PROBLEM DETAILS:
Reproduce every line of the data, exactly and without its pictures.

DATA START

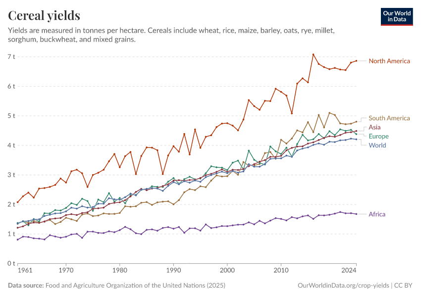 Food and Agriculture Organization of the United Nations (2025) – with major processing by Our World in Data. “Cereal yields – UN FAO” [dataset]. Food and Agriculture Organization of the United Nations, “Production: Crops and livestock products” [original data]. Retrieved January 9, 2026 from https://chrome-plugin.owid.pages.dev/grapher/cereal-yield
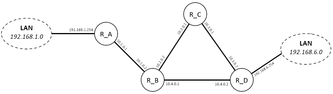Ainsi, à chaque liaison entre routeurs est attribué un coût \(C\) définit par une relation du type : \(C = \dfrac{D_{ref}}{D}\) où \(D_{ref}\) est le débit de référence et \(D\) est le débit de la liaison, en \(\pu{bits/s}\).
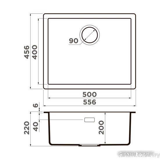 врезная на столешницу/врезная под столешницу, искусственный камень, размеры: 55.6x45.6 см, глубина чаши: 20 см, в шкаф шириной от 60 см

DATA END

RESULT OF THIS TASK:
 Food and Agriculture Organization of the United Nations (2025) – with major processing by Our World in Data. “Cereal yields – UN FAO” [dataset]. Food and Agriculture Organization of the United Nations, “Production: Crops and livestock products” [original data]. Retrieved January 9, 2026 from https://chrome-plugin.owid.pages.dev/grapher/cereal-yield
Ainsi, à chaque liaison entre routeurs est attribué un coût \(C\) définit par une relation du type : \(C = \dfrac{D_{ref}}{D}\) où \(D_{ref}\) est le débit de référence et \(D\) est le débit de la liaison, en \(\pu{bits/s}\).
 врезная на столешницу/врезная под столешницу, искусственный камень, размеры: 55.6x45.6 см, глубина чаши: 20 см, в шкаф шириной от 60 см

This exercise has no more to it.